The 75 people who were hospitalised should receive about $4,000. Officials say the money will be made available from the middle of next week.

The BBC’s James Copnall in Abidjan says the public release of the compensation scheme will go some way to alleviating the criticism the government has faced on this issue.

Many people had worried that the state would simply pocket everything it received from Trafigura, he says.

But the fact that so much of the money goes to the state rather than individuals will certainly leave some people unhappy.

Victims associations have already complained. One told the BBC that they had not been consulted at any stage.

Our correspondent says at the time the scandal was intensely political in a country which is heavily divided following a civil war. All sides used the disaster as an opportunity to blame their rivals.

It is still believed that there is a substantial amount of toxic waste which has not been cleared up.

Local company

Trafigura first attempted to discharge the chemical slops from one of its tankers, the Probo Koala, in the Dutch port of Amsterdam in early August 2006.

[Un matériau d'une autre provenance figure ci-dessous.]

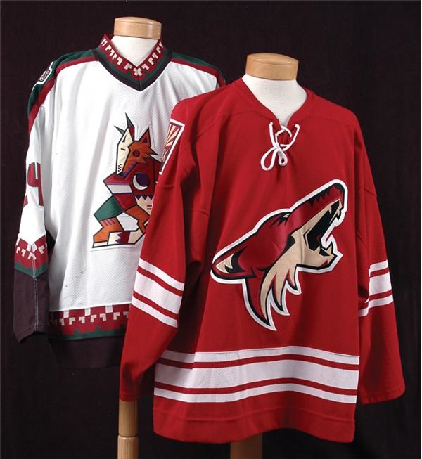 Two jerseys from the two partial seasons Jan Hrdina spent with the Phoenix Coyotes. First jersey has a patch sewn into the inside tail that reads, "Official 2002/03-2 Game Worn Jersey." Manufacturer “Made in Canada" and size "54" fly tags in collar. Reverse tail has embroidered NHL logo. CCM patch on upper back of neck. Second jersey has a patch sewn into the inside tail that reads, "Glendale Arena Opening Night 12-27-03 Official Game Worn Jersey." KOHO patch on back of neck. Embroidered NHL logo on reverse tail. Manufacturer "Made in Canada" and size "54" fly tags in collar. Both show use and come with Letter of Authenticity from the Phoenix Coyotes.

But the company that was to dispose of the waste suddenly increased its charges dramatically – asking for more to treat the waste. Trafigura refused, and the tanker proceeded to Nigeria.

There it failed to reach an agreement with two local firms about offloading the waste and only in Ivory Coast did it find a company to handle the waste.

On 19 August the waste was discharged near Abidjan. Two weeks later the first complaints arose. Instead of being incinerated as it should have been, the waste had been dumped.

Trafigura said it had been given to a local accredited company in Abidjan’s main port to deal with properly.